Transcribe word for word each line from the one containing "Учасник фестивалю Mural" to the final line of the data, both included. Skip the pictures.

-- Provided material --
___

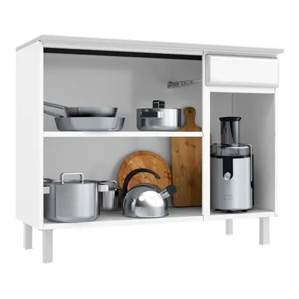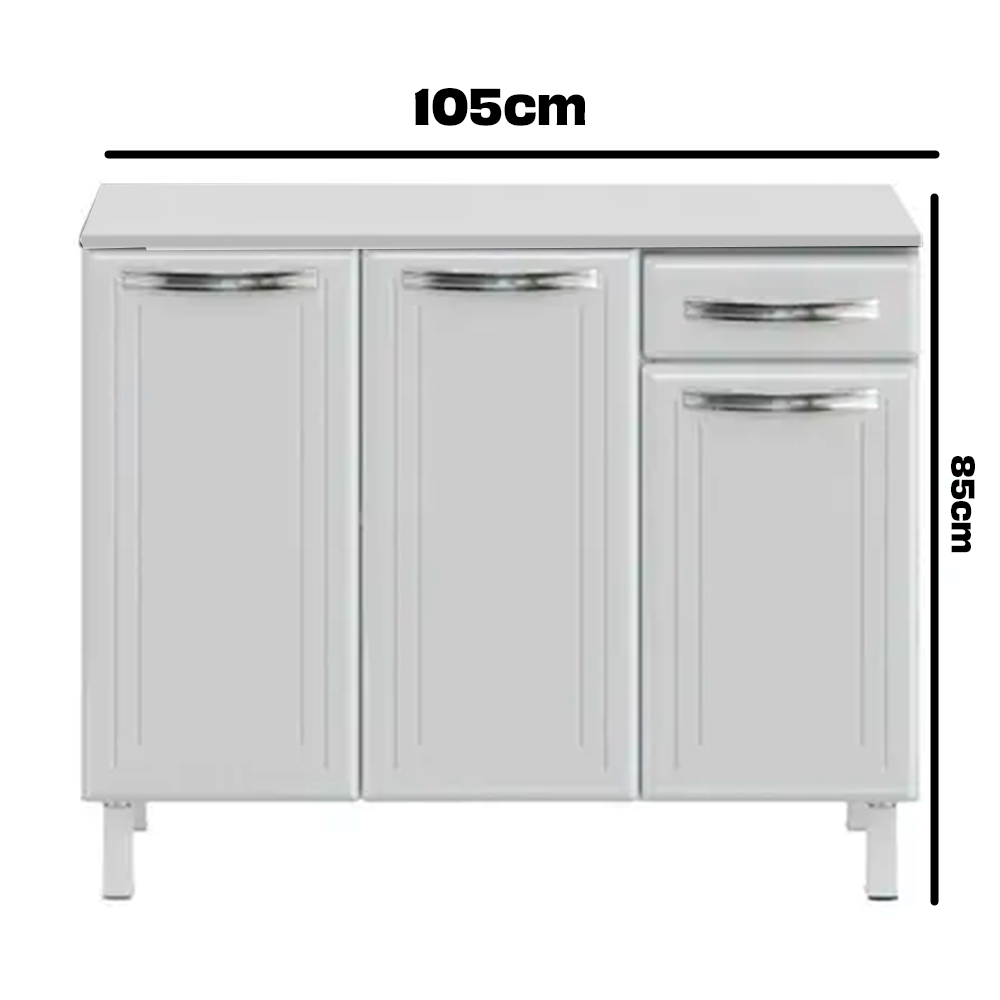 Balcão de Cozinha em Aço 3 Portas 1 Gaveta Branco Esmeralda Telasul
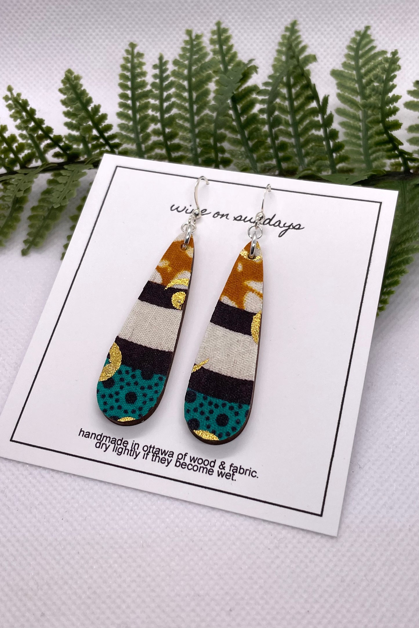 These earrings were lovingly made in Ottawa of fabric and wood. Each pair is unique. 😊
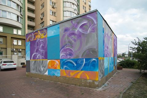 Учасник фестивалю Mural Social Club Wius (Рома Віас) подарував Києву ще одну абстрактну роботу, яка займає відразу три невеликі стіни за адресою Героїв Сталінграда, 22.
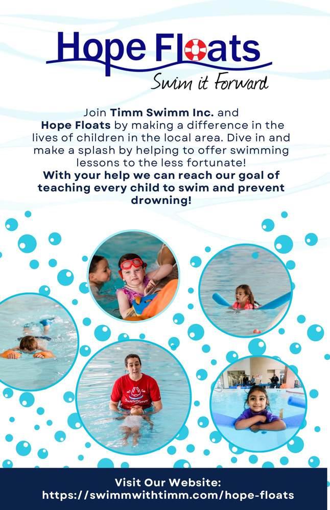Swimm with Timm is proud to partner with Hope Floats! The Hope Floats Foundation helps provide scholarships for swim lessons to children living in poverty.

___

-- Response below --
 Учасник фестивалю Mural Social Club Wius (Рома Віас) подарував Києву ще одну абстрактну роботу, яка займає відразу три невеликі стіни за адресою Героїв Сталінграда, 22.
Swimm with Timm is proud to partner with Hope Floats! The Hope Floats Foundation helps provide scholarships for swim lessons to children living in poverty.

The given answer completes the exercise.